How many bytes are required to store one character in:
- Microsoft's implementation of the .NET framework, version 4
- JavaScript, as implemented by Microsoft Internet Explorer 8?
How many bytes are required to store one character in:
.net and JavaScript both are UTF-16:
Represents each Unicode code point as a sequence of one or two 16-bit integers. Most common Unicode characters require only one UTF-16 code point, although Unicode supplementary characters (U+10000 and greater) require two UTF-16 surrogate code points. Both little-endian and big-endian byte orders are supported.
So it can be 16bit or 32 bit.
Both .NET and JavaScript use UTF-16. UTF-16 is a so-called variable-length encoding which uses 16-bit code units to represent Unicode code points (which are 21 bits in length).
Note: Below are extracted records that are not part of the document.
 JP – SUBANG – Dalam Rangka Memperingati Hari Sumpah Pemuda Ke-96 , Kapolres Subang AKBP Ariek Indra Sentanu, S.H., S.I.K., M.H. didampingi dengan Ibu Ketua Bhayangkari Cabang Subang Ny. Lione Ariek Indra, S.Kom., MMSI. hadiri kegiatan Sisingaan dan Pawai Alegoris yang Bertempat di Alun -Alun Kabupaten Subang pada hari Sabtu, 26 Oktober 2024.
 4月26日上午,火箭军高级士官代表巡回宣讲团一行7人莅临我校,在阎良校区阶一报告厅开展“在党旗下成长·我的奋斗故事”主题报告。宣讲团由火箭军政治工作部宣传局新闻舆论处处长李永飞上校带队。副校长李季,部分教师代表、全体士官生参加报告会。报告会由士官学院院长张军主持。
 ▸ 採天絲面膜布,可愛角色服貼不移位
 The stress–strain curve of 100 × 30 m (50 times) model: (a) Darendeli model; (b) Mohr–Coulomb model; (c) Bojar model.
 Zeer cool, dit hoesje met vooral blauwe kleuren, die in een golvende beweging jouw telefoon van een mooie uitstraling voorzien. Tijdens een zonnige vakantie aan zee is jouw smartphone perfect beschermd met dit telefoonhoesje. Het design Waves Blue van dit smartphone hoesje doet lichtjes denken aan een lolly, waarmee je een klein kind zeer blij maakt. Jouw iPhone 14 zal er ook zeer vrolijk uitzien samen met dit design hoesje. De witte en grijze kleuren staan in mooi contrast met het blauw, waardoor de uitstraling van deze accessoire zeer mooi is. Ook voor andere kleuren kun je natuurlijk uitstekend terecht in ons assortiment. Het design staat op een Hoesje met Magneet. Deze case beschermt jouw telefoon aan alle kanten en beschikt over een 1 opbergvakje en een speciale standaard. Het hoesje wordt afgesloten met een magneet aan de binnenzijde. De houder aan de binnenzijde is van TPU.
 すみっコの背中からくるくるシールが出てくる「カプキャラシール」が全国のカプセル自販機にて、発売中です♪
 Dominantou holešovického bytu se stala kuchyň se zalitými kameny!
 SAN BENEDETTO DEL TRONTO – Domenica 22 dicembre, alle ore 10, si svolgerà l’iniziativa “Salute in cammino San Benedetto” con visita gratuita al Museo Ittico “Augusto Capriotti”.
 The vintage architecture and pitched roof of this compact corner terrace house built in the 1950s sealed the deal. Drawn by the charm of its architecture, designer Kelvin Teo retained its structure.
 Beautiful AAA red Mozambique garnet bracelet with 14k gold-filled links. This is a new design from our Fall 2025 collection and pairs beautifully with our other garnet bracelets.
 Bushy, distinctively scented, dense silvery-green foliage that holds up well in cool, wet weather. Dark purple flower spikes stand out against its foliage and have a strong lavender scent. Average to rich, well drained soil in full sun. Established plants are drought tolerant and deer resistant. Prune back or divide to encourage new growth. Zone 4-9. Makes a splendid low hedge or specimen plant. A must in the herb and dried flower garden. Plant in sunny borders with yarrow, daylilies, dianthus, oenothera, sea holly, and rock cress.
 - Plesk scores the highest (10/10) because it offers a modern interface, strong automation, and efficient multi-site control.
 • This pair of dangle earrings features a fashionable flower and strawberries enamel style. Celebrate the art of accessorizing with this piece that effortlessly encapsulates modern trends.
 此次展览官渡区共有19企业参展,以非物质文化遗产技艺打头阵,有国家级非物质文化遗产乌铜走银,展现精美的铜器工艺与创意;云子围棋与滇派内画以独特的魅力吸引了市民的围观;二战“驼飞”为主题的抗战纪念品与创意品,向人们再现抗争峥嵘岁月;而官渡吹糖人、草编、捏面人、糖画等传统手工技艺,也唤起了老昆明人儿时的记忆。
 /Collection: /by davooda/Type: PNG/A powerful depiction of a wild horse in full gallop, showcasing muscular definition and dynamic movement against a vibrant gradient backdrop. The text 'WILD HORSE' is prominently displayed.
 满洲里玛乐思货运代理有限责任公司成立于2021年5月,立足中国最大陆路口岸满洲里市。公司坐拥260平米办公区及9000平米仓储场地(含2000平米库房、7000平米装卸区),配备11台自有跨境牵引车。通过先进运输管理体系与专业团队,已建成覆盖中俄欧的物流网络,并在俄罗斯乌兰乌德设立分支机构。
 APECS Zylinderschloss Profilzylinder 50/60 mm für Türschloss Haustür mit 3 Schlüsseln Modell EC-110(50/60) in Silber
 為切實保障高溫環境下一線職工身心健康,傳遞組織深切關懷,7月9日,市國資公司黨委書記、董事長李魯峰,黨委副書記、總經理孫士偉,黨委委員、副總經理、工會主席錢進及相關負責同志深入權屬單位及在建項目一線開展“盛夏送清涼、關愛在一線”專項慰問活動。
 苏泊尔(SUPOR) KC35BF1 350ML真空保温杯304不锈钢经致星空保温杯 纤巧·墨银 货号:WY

Historically it came from UCS-2 when Unicode was still a 16-bit code (which was deemed insufficient later, thus the expansion to 21 bits).
Since UTF-16 uses 16-bit code units the code itself is a 16-bit code, but to represent a character, you'll have to look a bit closer to what you actually mean:
Character in the Unicode sense means Unicode code point which is probably your intended meaning. Here are two cases:
Character in the usual meaning often refers to graphemes, actually, which would be what we perceive as a single character. Those can have arbitrarily many diacritics, or may be ligatures that are formed out of multiple code points by the rendering engine. Long story short in this case: Those can be arbitrarily long since they can consist of several code points.